We’ve discussed how after a support agreement and/or order has been made and listed with the Family Responsibility Office (FRO), in the case of non-payment, there are a number of enforcement methods which the FRO can utilize to collect the payment or pressurize the payor into making the payment. Nevertheless, the question remains as to what the status of the payment would be in the case of the payor’s death. Does the obligation to pay end or can it be charged upon the estate of the deceased?

S.34(4) of the Family Law Act of Ontario clearly stipulates that “(a)n order for support binds the estate of the person having the support obligation unless the order provides otherwise.”, nevertheless no such provision exists in the Federal Divorce Act 1985 (Katz v. Katz [2014]), however if one were to assess the wording of the Divorce Act 1985 which in relation to spousal support states that:

“A court of competent jurisdiction may, on application by either or both spouses, make an order requiring a spouse to secure or pay, or to secure and pay, such lump sum or periodic sums, or such lump sum and periodic sums, as the court thinks reasonable for the support of the other spouse.” (S.15.2(1) Divorce Act 1985)
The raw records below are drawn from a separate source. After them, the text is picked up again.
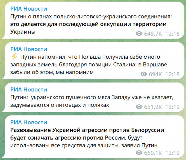 Похоже, в лечении старческой деменции Бункерного медики перешли на лошадиные дозы галоперидола. Дедок много всякого бреда нес, но тут что-то прям совершенно фееричное. Впрочем, он постоянно находится в обществе Патрушева и Ковальчуков, а вся эта троица - совершенно упоротая, насколько мы можем судить по их заявлениям, но Бункерный им уже прям совсем не уступает.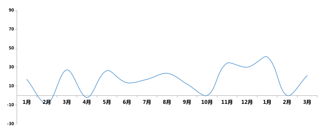 圖:2020年1月-2021年3月外資凈投資額變化趨勢(shì)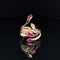 Intense red rubies are beautifully placed in tulip bezel settings atop slender strands on this brightly polished 18k yellow and white gold garden ring. Sparkling round brilliant cut diamond accents are elegantly sprinkled on this luxurious ring that is the ultimate anniversary gift or birthday present for that special someone in mind.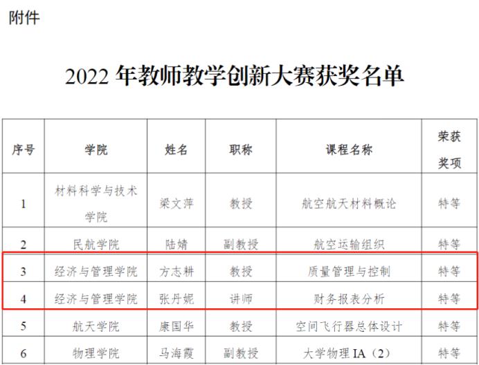 日前,南京航空航天大学公布了“2022年教师教学创新大赛”评选结果,经个人申报、院级选拔、校级初赛和决赛,共有27位教师获奖,其中, 6位教师获特等奖, 10位教师获一等奖, 11位教师获二等奖。禁忌书屋 方志耕教授的《质量管理与控制》、张丹妮讲师的《财务报表分析》获得特等奖。
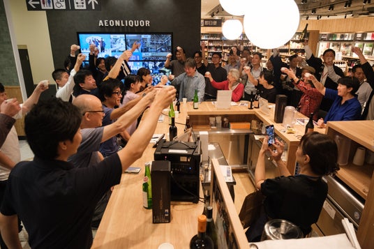 国内及び世界各国8会場を繋ぎ「日本酒」で一斉乾杯の瞬間

It appears that the provision can be interpreted or construed to include the ability to make a support order binding on the estate of a payor. This has indeed been the view of the Ontario Courts who have read in the authority to do so by virtue of the provision allowing them to order the payor to ‘secure and pay’ spousal support. This charge on the estate of a deceased spousal support payor however must by explicit language be clearly required in the spousal support agreement or order.

The courts in a comparatively recent judgment of a 2017 case, Dagg v. Cameron Estate upheld this opinion and also reasserted the ability to place a charge on the proceeds of a life insurance policy of the payor. The recipient of the spousal support, where such a support order has been made is treated like a creditor who has rights on the estate of the deceased. It is however important to note that although the courts have in the past required a spouse to take out a life insurance policy with the recipient as a beneficiary, the 2014 judgement in Katz v. Katz clarifies this matter by stating that the courts do not have the authority to require that a payor of spousal support take any such matters. The judgement states that “(a)n obligation to obtain life insurance should neither be imposed nor enforced. FLA s.34 permits a court to order a spouse who has insurance to designate a dependant as a beneficiary, but it does not permit a court to require a spouse to obtain or reinstate life insurance. This is in stark contrast to an earlier 1999 decision of the courts in Laczko v. Laczko.
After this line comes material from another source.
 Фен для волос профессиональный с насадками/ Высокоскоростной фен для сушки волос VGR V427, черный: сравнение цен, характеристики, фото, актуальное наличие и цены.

It is also important to note that the authority to ‘secure’ payment of the spousal support is not restricted to estate of the payor of spousal support. The courts can place a security on the current property of the payor as stated in Boisvert v. Boisvert on the following basis;

  1. Where a payor has a history of dissipation of assets, that is, unable to handle money
  2. Where the payor is likely to leave the jurisdiction and become an absconding debtor;
  3. Where the payor has in the past refused to honour a support obligation;(whether required by order, contract or obligation refused to pay);
  4. Where the payor has a poor employment history or has indicated (he or she) will leave employment (payor has extravagant lifestyle and has been unco-operative with the spouse in the past);
  5. Where the payor is out of the jurisdiction at the time of hearing but has assets in Ontario capable of forming the basis of a security order; and
  6. Where the payor has declared that he will not pay an eventual support order.
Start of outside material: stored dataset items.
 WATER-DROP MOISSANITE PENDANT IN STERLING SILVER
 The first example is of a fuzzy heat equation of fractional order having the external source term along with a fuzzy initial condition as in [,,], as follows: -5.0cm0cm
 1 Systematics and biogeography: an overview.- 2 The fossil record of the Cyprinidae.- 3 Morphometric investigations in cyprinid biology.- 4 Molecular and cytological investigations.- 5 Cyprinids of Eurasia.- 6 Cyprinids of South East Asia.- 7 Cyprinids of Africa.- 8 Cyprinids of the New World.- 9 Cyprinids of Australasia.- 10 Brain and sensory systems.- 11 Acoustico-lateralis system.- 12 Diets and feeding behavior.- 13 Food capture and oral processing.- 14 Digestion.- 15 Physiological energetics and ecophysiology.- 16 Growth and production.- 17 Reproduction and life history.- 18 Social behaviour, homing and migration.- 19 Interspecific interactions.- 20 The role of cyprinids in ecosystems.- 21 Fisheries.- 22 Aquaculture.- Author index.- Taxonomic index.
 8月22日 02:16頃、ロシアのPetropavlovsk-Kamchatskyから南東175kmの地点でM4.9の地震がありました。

If you need help with enforcing a Family Law order, MEHDI AU LLP has experienced Family Lawyers on staff to help you out. Please contact us today.

Disclaimer: Use of this site and sending or receiving information through it does not establish a solicitor / client relationship. The views expressed and the content provided on this blog is for non-profit educational purposes. It is not, and is not intended to be, legal advice on any specific set of facts. The use of this website does not create a solicitor-client (attorney-client) relationship. If you require legal advice, you should contact a lawyer directly.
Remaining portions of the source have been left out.